[Mlir-commits] [mlir] [MLIR][XeGPU] Allow some nd ops to have argument shapes mismatch for … (PR #120566)

Thu Jan 9 11:08:33 PST 2025

charithaintc wrote:

> I would not rush for option 4 also. If I understand correctly, the subview op needs to compute the offsets from id, and then create the subview with sizes, offsets, strides. I like the approach keeping the original tensor descriptor as a whole, but it requires adding a subview op which doesn't look like other XeGPU OPs (mapping to concrete hardware operations). I don't know what benefit it can bring at this point other than the IR appears less "confusing", which is a debatable point.
> 
> To me, whether the IR is "confusing" actually depends on how the IR is lowered or optimized. My view is actually reverse. The type mismatch doesn't bother me that much. But if the IR doesn't model the hardware behavior, say it introduces per-lane offsets/sizes computation which we don't need during the lowering, it causes a different type of confusion that bothers me more.
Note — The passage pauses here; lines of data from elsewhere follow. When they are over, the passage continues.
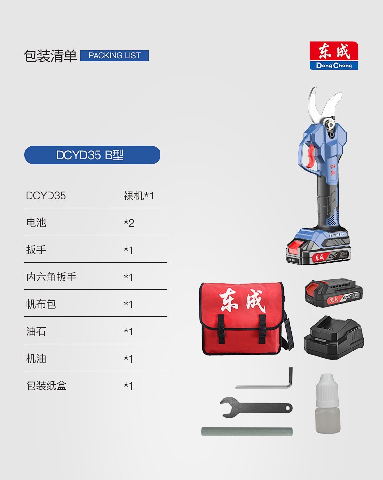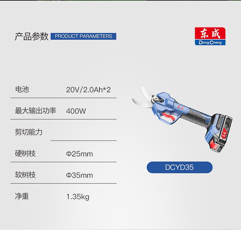 | Especificaciones | DCYD35 (B) cortadora de ramas 20V dos 2.0Ah, DCYD35Z cortadora de ramas metal desnudo sin electricidad sin carga |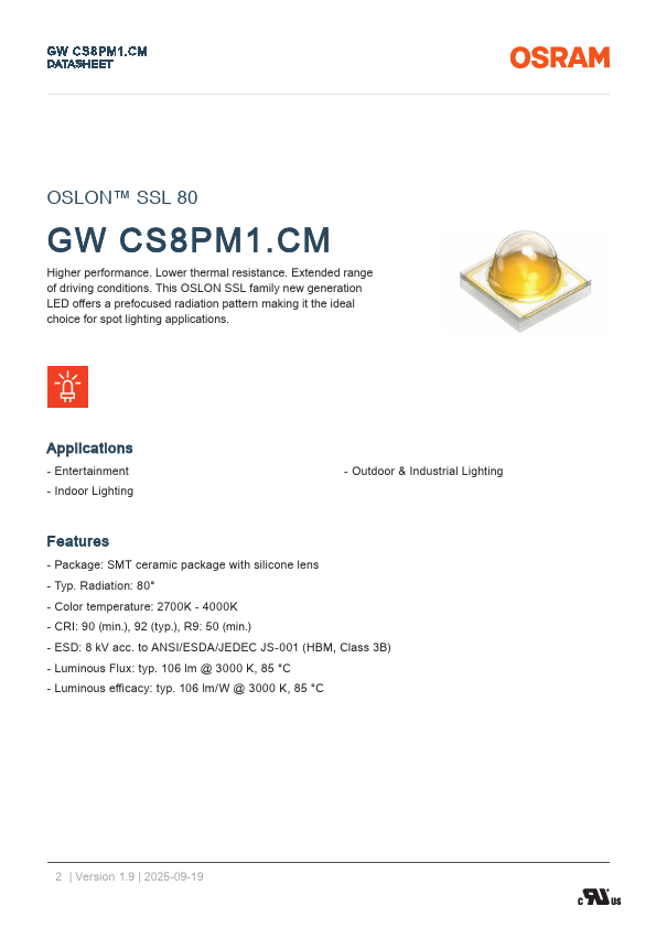 GW CS8PM1.CM DATASHEET OSLON™ SSL 80 GW CS8PM1.CM Higher performance. Extended range of driving conditions. This OSLON SSL family new generation LED offers a prefocused radiation pattern making it the ideal choice for spot lighting applications.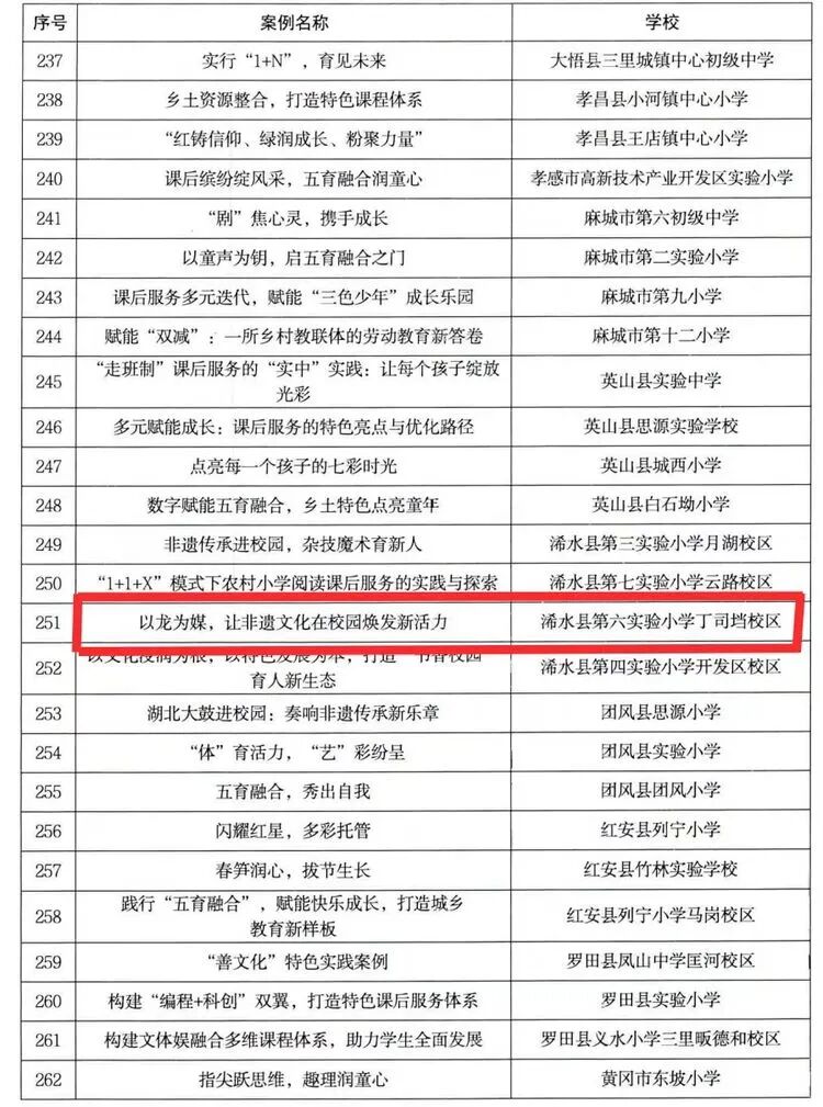 近日,湖北省教育厅办公室发布《关于义务教育学校课后服务特色案例的通报》,全省共确定 350 个义务教育学校课后服务特色案例,浠水县第六实验小学丁司垱校区报送的 “以龙为媒,让非遗文化在校园焕发新活力 —— 舞龙社团活动案例” 成功入选,成为黄冈市众多优秀案例中亮眼的一笔,标志着丁司垱校区课后服务工作获得省级层面的高度认可。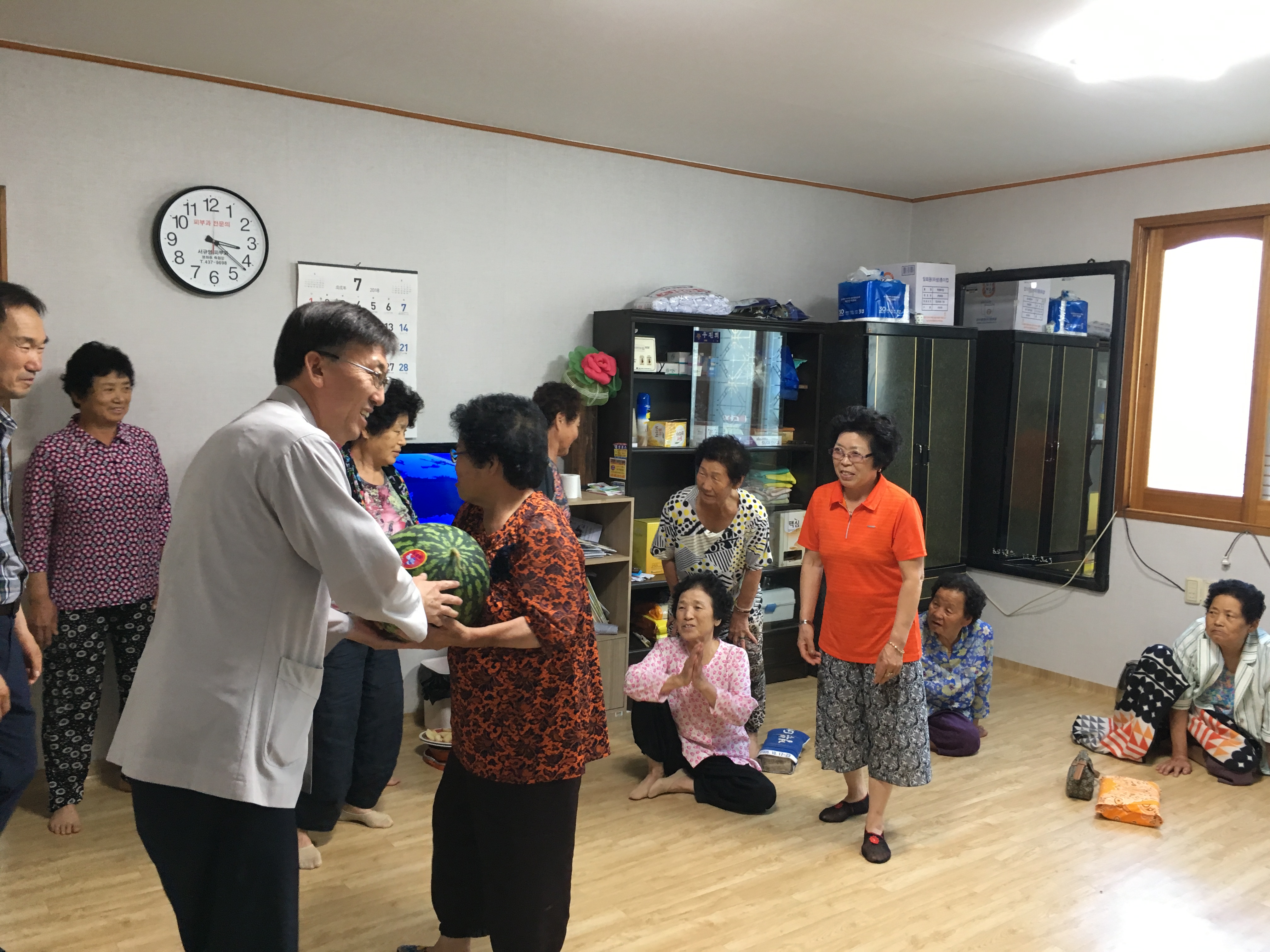 이날 행사는 경로당 어르신들을 직접 방문해 수박을 전달하고 연일 이어지는 무더위에 안부를 여쭙고, 냉방기 및 무더위 쉼터 안전을 점검하는 등 폭염에 대비한 안전관리도 함께 실시하였다.

The passes on XeGPU is mostly target-specific, so people likes to match the IR with what hardware behavior - each lane takes the whole shape and read back its own data fragments implicitly, instead of computing its own offsets/sizes. If transformation/optimization needs to know the data fragment distribution, they can refer to sg_map that was designed to explicitly describe the data distribution.
> 
> I suggest we first go with option 2. When it become clear that we really need a subview op, we can revisit it.

Agreed. +1 for option 2. XeGPU is primarily designed to faithfully represent HW details in block Load/Store. So in my view, approach 1 violates this philosophy for not clearly apparent benefits. 

>I don't think this is necessary, you just need to restore the parameters such as the size of the descriptor which can be done using the sg_map. The assignment of data chunks to lane ids is implicit. Anyway, this is neither what I'm proposing nor it is related to the patch.

This argument is not clear to me. Are you saying that `sg_map` must be present even after the SIMT distribution? That seems like an unnecessary demand because after SIMT we don't really need `sg_map`. Also what if some user wants to directly generate XeGPU SIMT? I maybe misunderstood but this need some clarification. 

https://github.com/llvm/llvm-project/pull/120566